The main inputs to the hippocampus
Come from the entorhinal cortex on the temporal lobe.
The medial entorhinal cortex (MEC) is thought to provide learned structural info
The lateral entorhinal cortex (LEC) is thought to provide perceived sensory info
The hippocampus (HC) combines it, associating sensory information with place (position on a map or an abstract theoretical structure).
Neurons of the MEC (integration)
The spiking activity of different populations of the MEC correlates with
1) the speed of an animal as it walks around
2) the direction an animal faces
These two variables are enough to make a map by integration: you can know where you are relative to where you started and hence make the quickest route home known.
Map making
Animals sense of direction initially depends on path integration. After a while the information accrued during integration promotes map formation and map-based navigation.
Neurons of the MEC (Grid cells)
Grid cells in the MEC fire as animals walk. They seem to represent a hexagonal grid and fire when the animal is in the same position in the same room, reliably.
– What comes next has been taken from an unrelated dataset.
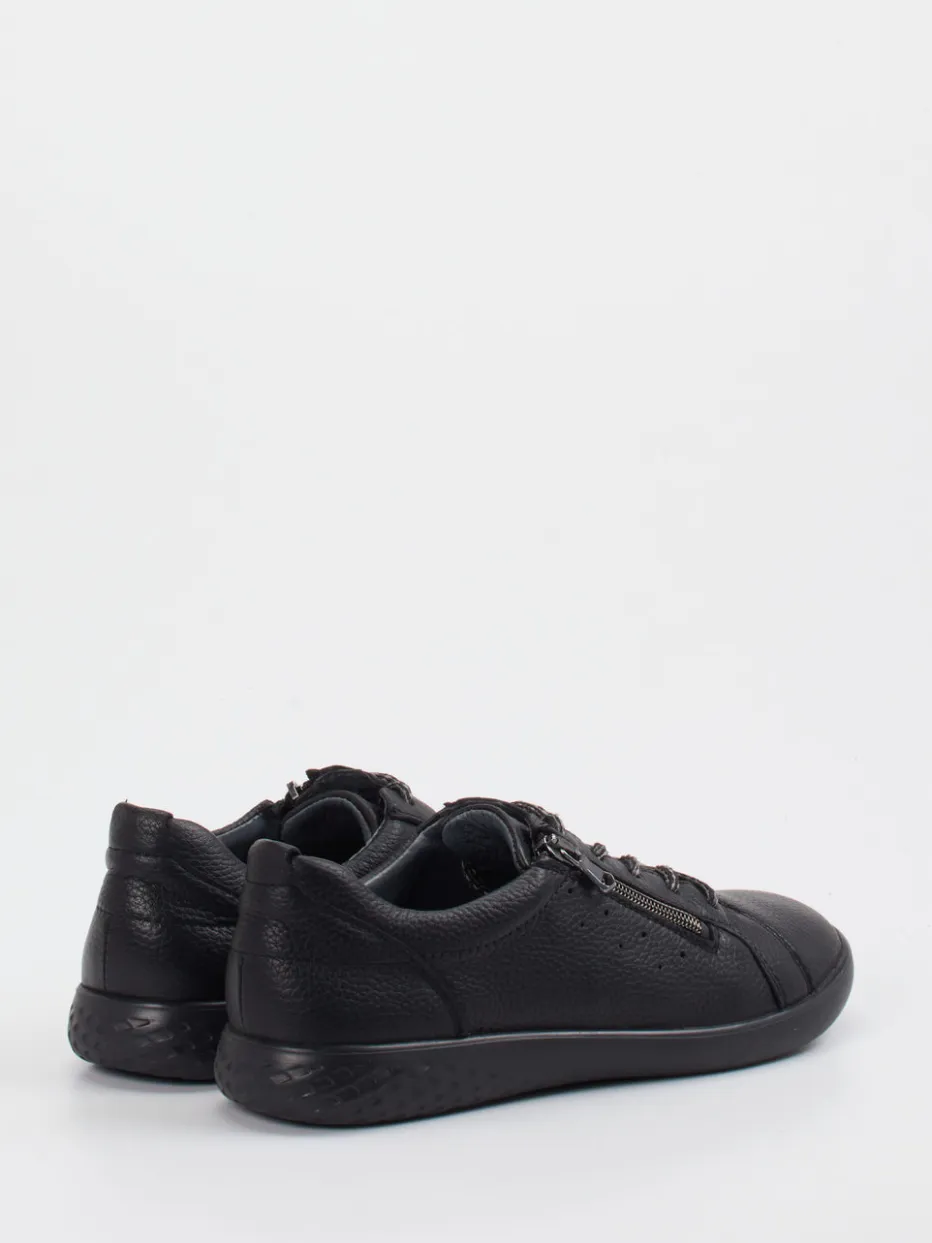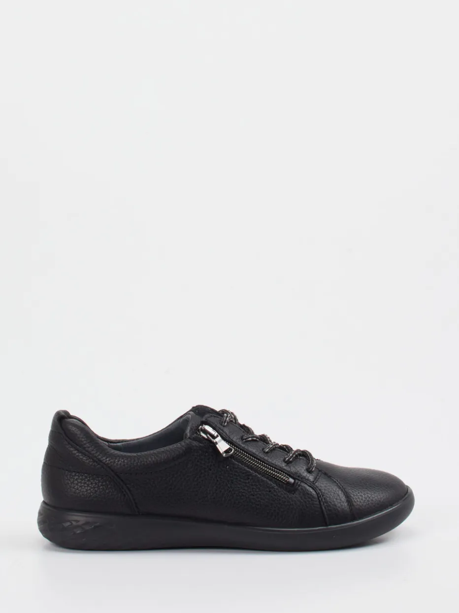 Minimalismus trifft Alltagstauglichkeit.Waldläufer präsentiert bei diesen Komfort-Sneakern eine klare Formensprache und funktionale Details. Für lange Wege durch die City oder entspannte Stunden zu Hause bietet das Modell dank genarbtem Kalbleder und sattschwarzem Farbton eine robuste wie stilvolle Grundlage. Die flache, runde Silhouette wird durch einen seitlichen Reißverschluss ergänzt, der in Silber dezent akzentuiert. Innen sorgt ein Leder-/Textilfutter für angenehmes Fußklima; die flexible Gummisohle punktet mit Polsterung und Trittsicherheit. Modisch minimalistisch – passend zur „Quiet Comfort“-Welle. Kombiniert wird der Look ideal mit Stretch-Jeans und Funktionsjacke. Die Kombination aus Komfortweite H und praktischen Details unterstreicht den Anspruch der Marke auf gehobene Alltagstauglichkeit.

There are thousands of grid cells and each neighboring grid cells have similarly sized grids that are rotated.
They are defined by the space between hot spots and where they are relative to others.
Summed, they allow precise location of the animal
When an animal walks into a different space, the grid of every grid cell rotates. This is called grid cell realignment.
As you move dorsal to ventral in the MEC, the hot spots of the grid cells separate. There are 5-10 groups each a bit farther apart.
This allows hierarchal organization of the encoded structure.
Allows immense combinational power, new spaces can be mapped without interfering with old spaces.
Neurons of the MEC (Border Cells)
These fire when an animal is located near a wall in a particular direction.
Neurons of the MEC (Object Vector Cells)
Fire whenever an animal is a certain distance and direction from an object
Place cells in the Hippocampus
Within the hipp, many neurons only fire when the animal is in a specific position in a room.
These can even include what direction one is moving in, easily shown in narrow passageways
These place cell firing patterns are consistent from day to day. But the position encoded by the cell in one room does not account for the position it encodes in another.
Accordingly, THESE CELLS PROBABLY REFLECT THE CONOF THESE 2 STREAMS: WHERE AND WHAT AND PROBABLY WHEN
Grid cells and place cells
A recording of one grid cell while an animal explores 2 rooms will differ as the animal undergoes grid cell realignment when moving between the two rooms (the rotation changes, not the distance).
Similarly the place cell changes its pattern as the place cell firing is dependent on a particularly grid cell alignment.
The same corridor can provoke different patterns of place cell firing depending on whether an animal attempts to turn right or left at the end.